Psychiatrist Shortage Means Long Waits

ALLENTOWN,Pa. — Sue Drabic of Allentown knew right away something was wrong with a family member, a college student at the time.

“He was having delusional statements, like talking about saving the world,” she said, recalling the episode. “He was saying it in a way that you could tell he was serious about it.”

All Drabic wanted, as would anyone in her shoes, was help for her loved one — and right away. What she got instead was an initiation into the state of psychiatry.

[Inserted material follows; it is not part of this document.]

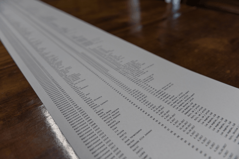 Варга: Мы начали проект «Без названия» в 2015 году. Договорились записывать данные обо всех наших знакомствах с людьми. После я поехал в Нью-Йорк и Лос-Анджелес, где провел год с небольшим. Можно ли сказать, что каждого, кого я встречал в клубах и на вечеринках в Нью-Йорке и Лос-Анджелесе, я мысленно приравнивал к погибшим в АТО? Наверное, нет. Эти числа оставались абстрактными. Хотя статистика не стояла на месте, и к старым знакомствам добавлялись новые; потом, когда они через принтер отпечатывались на бумаге, все они казались отчужденными. Вероятно, в этой холодности и даже бездушности кроется притягательная сила этой работы.

“(He) had to go all the way to Philadelphia because there were no beds in the Lehigh Valley,” she said.

He came back weeks later heavily sedated, barely able to function.

Eager to have his prescription altered, she called for an appointment with a local psychiatrist only to find out the next opening was in five to six months, she said.

“It’s hard for someone to get the news that someone they care about is very ill and then to have to wait,” she said.
Eight years later, the situation is much the same. A shortage of psychiatrists in the Lehigh Valley, statewide and nationally means limited options and long waits are still the norm, according to health care professionals, advocates and patients and their families. Specialists, such as pediatric or geriatric psychiatrists, are in even shorter supply.

For those in crisis, the stakes couldn’t be higher, said Muhamad Aly Rifai, president-elect of the Lehigh Valley Psychiatric Association. These are people who might be experiencing thoughts of suicide or paranoia, and their erratic behavior can be a danger to themselves and others. Some end up in not a hospital bed but a jail cell.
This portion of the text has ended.